Binary Compatibility
Typed messages are binary-compatible across languages. A CmdVel published by a compiled process is received as a horus.CmdVel in Python with identical field values and memory layout. This works because all typed messages use the same Pod (Plain Old Data) layout in shared memory.
# Python receives typed messages from any language
cmd = node.recv("cmd_vel") # horus.CmdVel — same binary layout
imu = node.recv("imu") # horus.Imu — same binary layout
scan = node.recv("scan") # horus.LaserScan — same binary layout
No protobuf, no JSON, no serialization step. The message bytes in shared memory are read directly.
When to Use Multi-Process
| Factor | Single Process | Multi-Process |
|---|---|---|
| Latency | ~500ns (intra-process) | ~1-5us (cross-process) |
| GIL | All nodes share one GIL | Each process has its own GIL |
| Fault isolation | One crash takes down everything | A crash is contained to one process |
| Languages | Python only | Mix Python + compiled languages |
| Restart | Must restart everything | Restart one process independently |
| Debugging | Single debugger session | Attach debugger to one process |
| Deployment | One script to run | Multiple scripts/services |
| Memory | Shared address space | Separate address spaces |
Use single-process when
- All nodes are Python
- You need deterministic ordering between nodes (sensor, then controller, then actuator -- in that order)
- Latency at the sub-microsecond level matters
- Simpler deployment is preferred
Use multi-process when
- GIL bypass -- CPU-bound Python nodes (ML inference, image processing) block the GIL. Separate processes give each node its own GIL
- Fault isolation -- a segfault in one process (e.g., a buggy C extension) does not crash the rest
- Mixed languages -- pair Python ML with compiled real-time control
- Independent restart -- update one node without stopping others
- Independent scaling -- run the heavy ML inference process on a GPU machine, sensors on the robot
The GIL Problem
Python's Global Interpreter Lock means only one thread executes Python bytecode at a time. In a single HORUS process, if one node does heavy computation (ML inference, image processing), it blocks all other nodes until it finishes.

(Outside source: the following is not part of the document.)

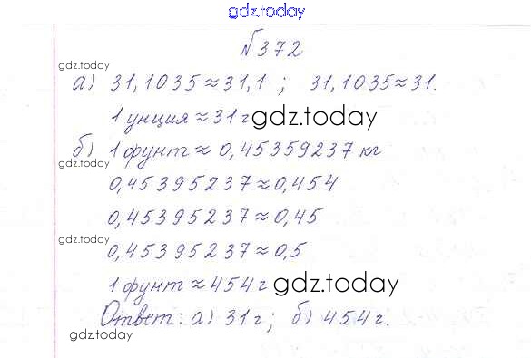 Ответы к Решение к упражнениям 372 Учебнику по Математике для 6 класса Дорофеев, Шарыгин Просвещение Академический школьный учебник 2014

Multi-process solves this completely. Each process has its own Python interpreter and its own GIL:
# PROBLEM: Single process, GIL blocks everything
# sensor_tick waits while inference_tick holds the GIL
# SOLUTION: Separate processes
# sensor.py — runs at 100Hz, unblocked
# inference.py — runs at 10Hz, heavy computation, own GIL
What Happens When a Process Crashes
When a Python process dies (exception, SIGKILL, OOM):
- SHM files persist -- the kernel closes file descriptors but the shared memory region stays
- Other processes continue -- subscribers see no new messages from the dead publisher, but they do not crash
- Automatic reconnection -- when the crashed process restarts and recreates its topics, other processes see fresh data again
- Automatic cleanup -- the next
horusCLI command orhorus.run()call auto-cleans stale namespaces
# Process A crashes mid-publish
# Process B keeps running, ticking normally
# Process A restarts
# Process B sees fresh data from Process A — no reconfiguration
Debugging Multi-Process Systems
See all topics from all processes
horus topic list
This shows every topic in the current namespace, regardless of which process created it. Use --verbose to see publisher/subscriber PIDs.
Monitor cross-process data flow
# Watch messages on a topic (from any process)

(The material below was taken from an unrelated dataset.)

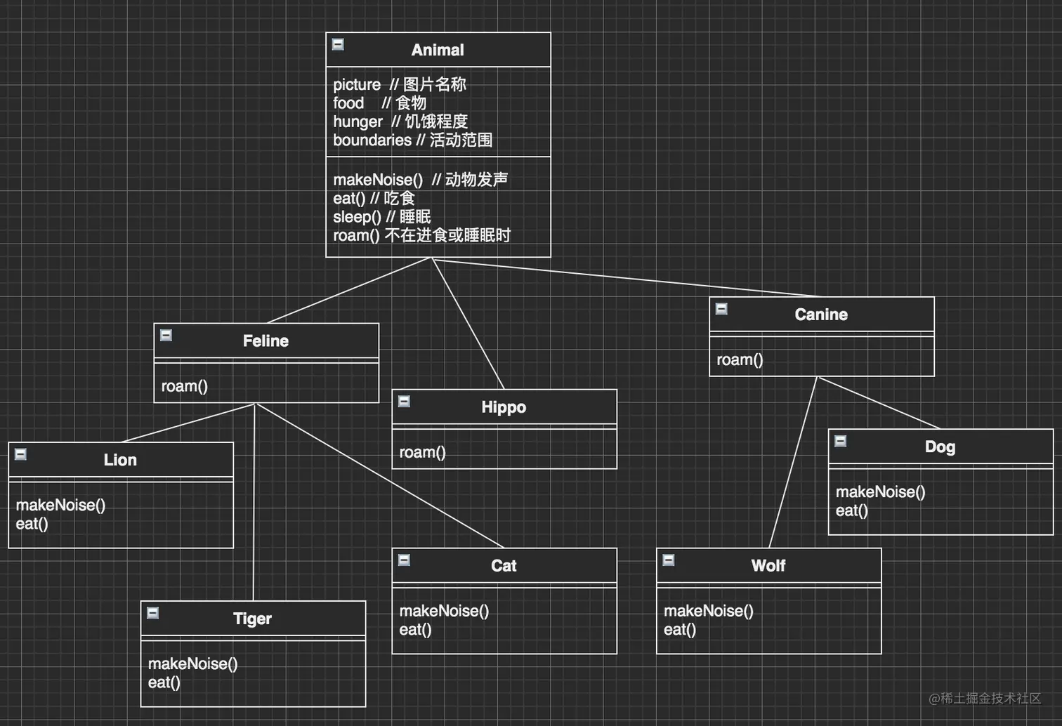 - 分析并找出具有共同属性和行为的对象(比如 picture 图片、food 食物、hunger 饥饿程度、boundaries 活动边界、makeNoise 发出的声音、eat 吃饭、roam 散步)。

horus topic echo sensor.temp
# Check actual publishing rate
horus topic hz sensor.temp
# Measure bandwidth
horus topic bw camera.rgb
See all running nodes
horus node list
# Shows all nodes across all processes with PID, rate, CPU usage
Debug one process at a time
# Start sensor normally
horus run sensor.py
# Start controller with verbose logging
HORUS_LOG=debug horus run controller.py
System-wide view
horus monitor
# Web dashboard at http://localhost:3000 showing all nodes from all processes
Common debugging workflow
horus topic list-- verify all processes see the expected topicshorus topic hz sensor.data-- verify the publisher sends at the expected ratehorus topic echo sensor.data-- verify message content is correcthorus node list-- verify all nodes areRunning(notErrororCrashed)
Complete Example: Three-Process Pipeline
A camera process captures frames. An ML process detects objects. A controller process drives the robot.

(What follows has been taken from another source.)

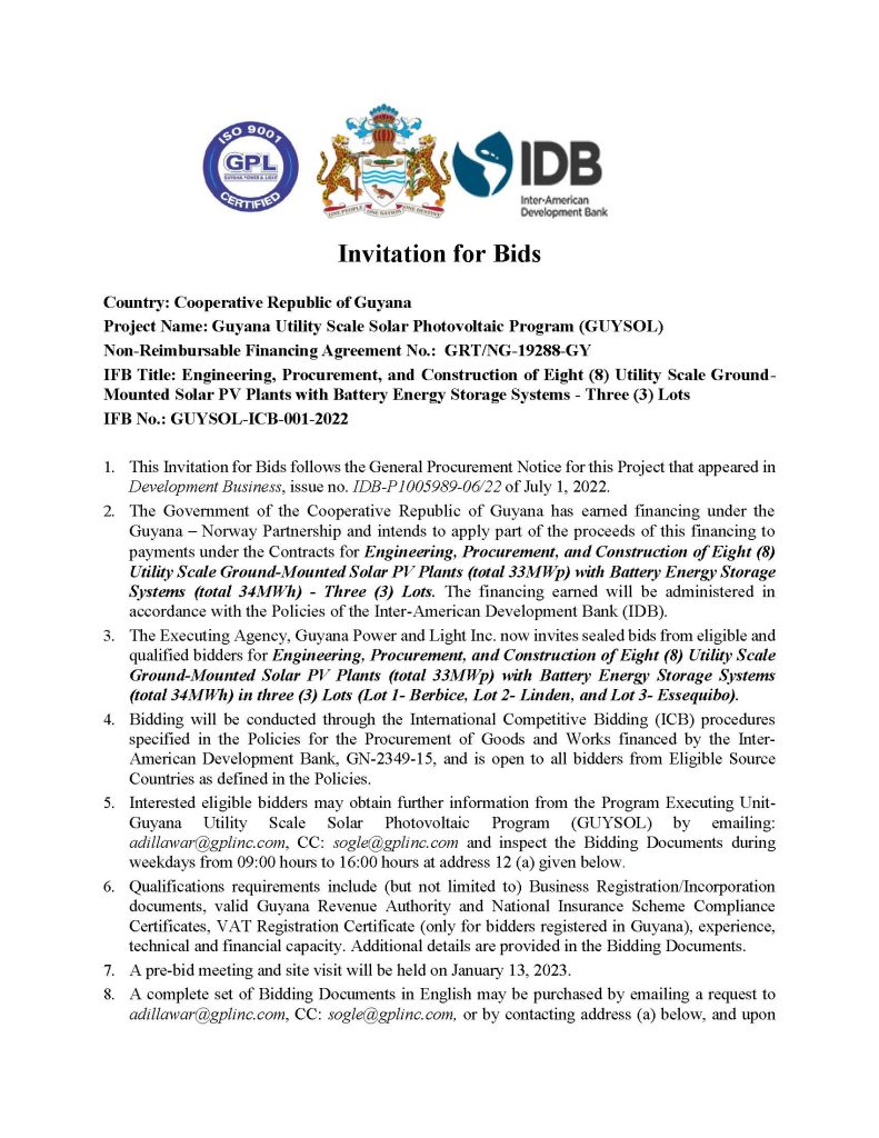 • Invitation to Bid GPL – Guyana Utility Scale Solar Photovoltaic Program (GUYSOL)

camera.py -- captures at 30 FPS:
import horus
import numpy as np
def camera_tick(node):
# Simulate camera capture
pixels = np.random.randint(0, 255, (480, 640, 3), dtype=np.uint8)
img = horus.Image.from_numpy(pixels)
node.send("camera.rgb", img)
cam = horus.Node("camera", pubs=[horus.Image], tick=camera_tick, rate=30)
horus.run(cam)
detector.py -- ML inference at 10 FPS:
import horus
def detect_tick(node):
if node.has_msg("camera.rgb"):
img = node.recv("camera.rgb")
frame = img.to_numpy() # zero-copy
# Run detection model
detections = my_model.predict(frame)
node.send("detections", {
"count": len(detections),
"closest_distance": min(d["dist"] for d in detections) if detections else 999.0,
})
det = horus.Node("detector", subs=[horus.Image], pubs=["detections"], tick=detect_tick, rate=10)
horus.run(det)
controller.py -- drives motors at 50Hz:
import horus
def control_tick(node):
if node.has_msg("detections"):
det = node.recv("detections")
if det["closest_distance"] < 1.0:
# Obstacle close — stop
node.send("cmd_vel", horus.CmdVel(linear=0.0, angular=0.0))
else:
# Clear path — drive forward
node.send("cmd_vel", horus.CmdVel(linear=0.5, angular=0.0))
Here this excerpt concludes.